→ Problem to solve: For this exercise, copy exactly the lines below from the one with "Made of thick" through the one with "IIT से पढ़ाई" and leave out the pictures.

→ Material for this exercise:
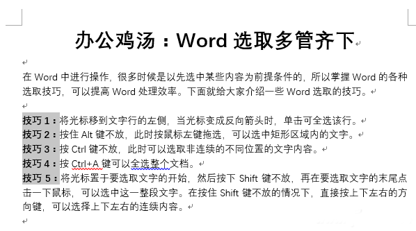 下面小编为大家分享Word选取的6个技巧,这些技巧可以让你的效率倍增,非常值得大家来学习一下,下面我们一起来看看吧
---
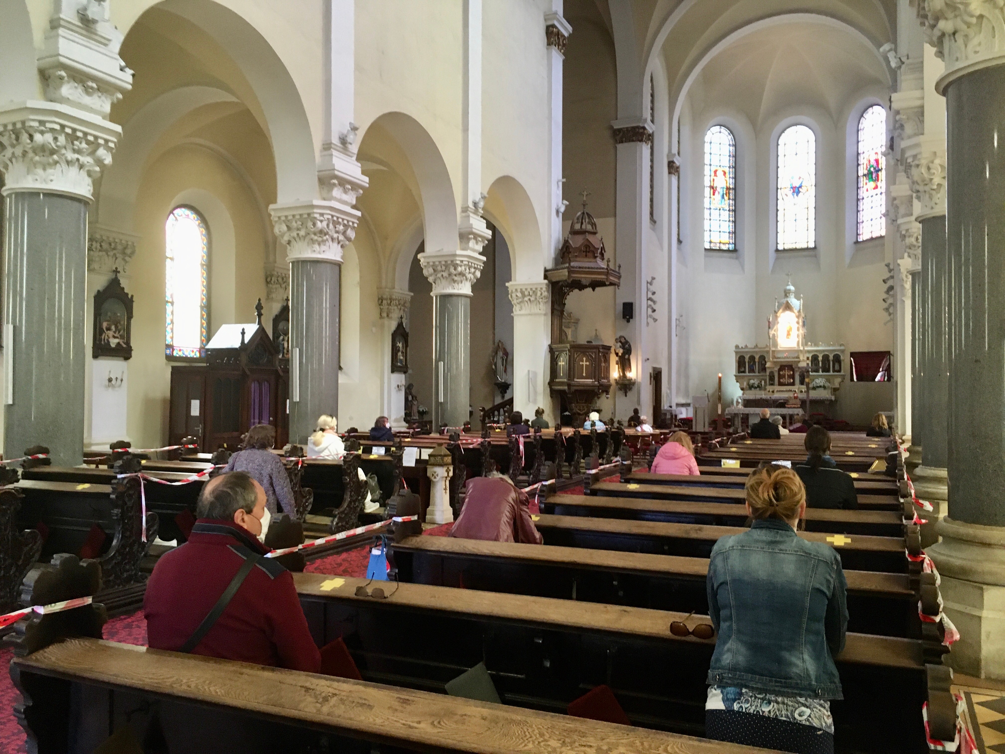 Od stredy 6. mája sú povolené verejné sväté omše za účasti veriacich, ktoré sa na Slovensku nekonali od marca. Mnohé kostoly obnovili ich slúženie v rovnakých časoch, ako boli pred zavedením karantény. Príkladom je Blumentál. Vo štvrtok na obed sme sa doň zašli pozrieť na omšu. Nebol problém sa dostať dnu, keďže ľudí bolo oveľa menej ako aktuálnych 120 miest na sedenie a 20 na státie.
--
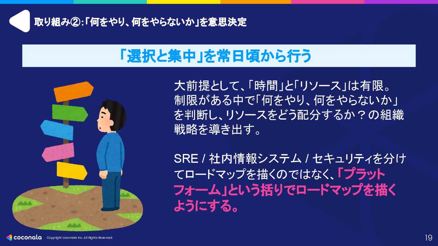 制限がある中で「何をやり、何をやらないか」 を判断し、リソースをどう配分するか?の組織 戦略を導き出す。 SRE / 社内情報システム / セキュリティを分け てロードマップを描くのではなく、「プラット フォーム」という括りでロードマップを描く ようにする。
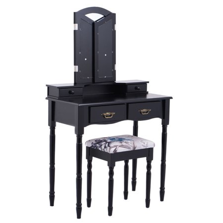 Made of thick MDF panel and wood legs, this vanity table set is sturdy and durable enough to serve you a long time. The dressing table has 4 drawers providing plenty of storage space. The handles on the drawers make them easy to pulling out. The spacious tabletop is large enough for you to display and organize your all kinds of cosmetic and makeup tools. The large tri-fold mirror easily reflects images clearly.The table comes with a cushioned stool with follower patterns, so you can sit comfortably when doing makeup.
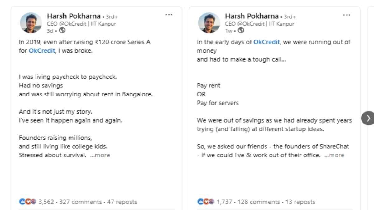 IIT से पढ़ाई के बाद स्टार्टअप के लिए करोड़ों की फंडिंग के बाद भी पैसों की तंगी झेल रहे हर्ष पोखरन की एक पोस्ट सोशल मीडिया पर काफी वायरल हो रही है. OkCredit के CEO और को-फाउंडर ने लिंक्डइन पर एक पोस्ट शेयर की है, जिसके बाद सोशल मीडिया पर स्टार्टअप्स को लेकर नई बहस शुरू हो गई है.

→ Result of this task:
 Made of thick MDF panel and wood legs, this vanity table set is sturdy and durable enough to serve you a long time. The dressing table has 4 drawers providing plenty of storage space. The handles on the drawers make them easy to pulling out. The spacious tabletop is large enough for you to display and organize your all kinds of cosmetic and makeup tools. The large tri-fold mirror easily reflects images clearly.The table comes with a cushioned stool with follower patterns, so you can sit comfortably when doing makeup.
 IIT से पढ़ाई के बाद स्टार्टअप के लिए करोड़ों की फंडिंग के बाद भी पैसों की तंगी झेल रहे हर्ष पोखरन की एक पोस्ट सोशल मीडिया पर काफी वायरल हो रही है. OkCredit के CEO और को-फाउंडर ने लिंक्डइन पर एक पोस्ट शेयर की है, जिसके बाद सोशल मीडिया पर स्टार्टअप्स को लेकर नई बहस शुरू हो गई है.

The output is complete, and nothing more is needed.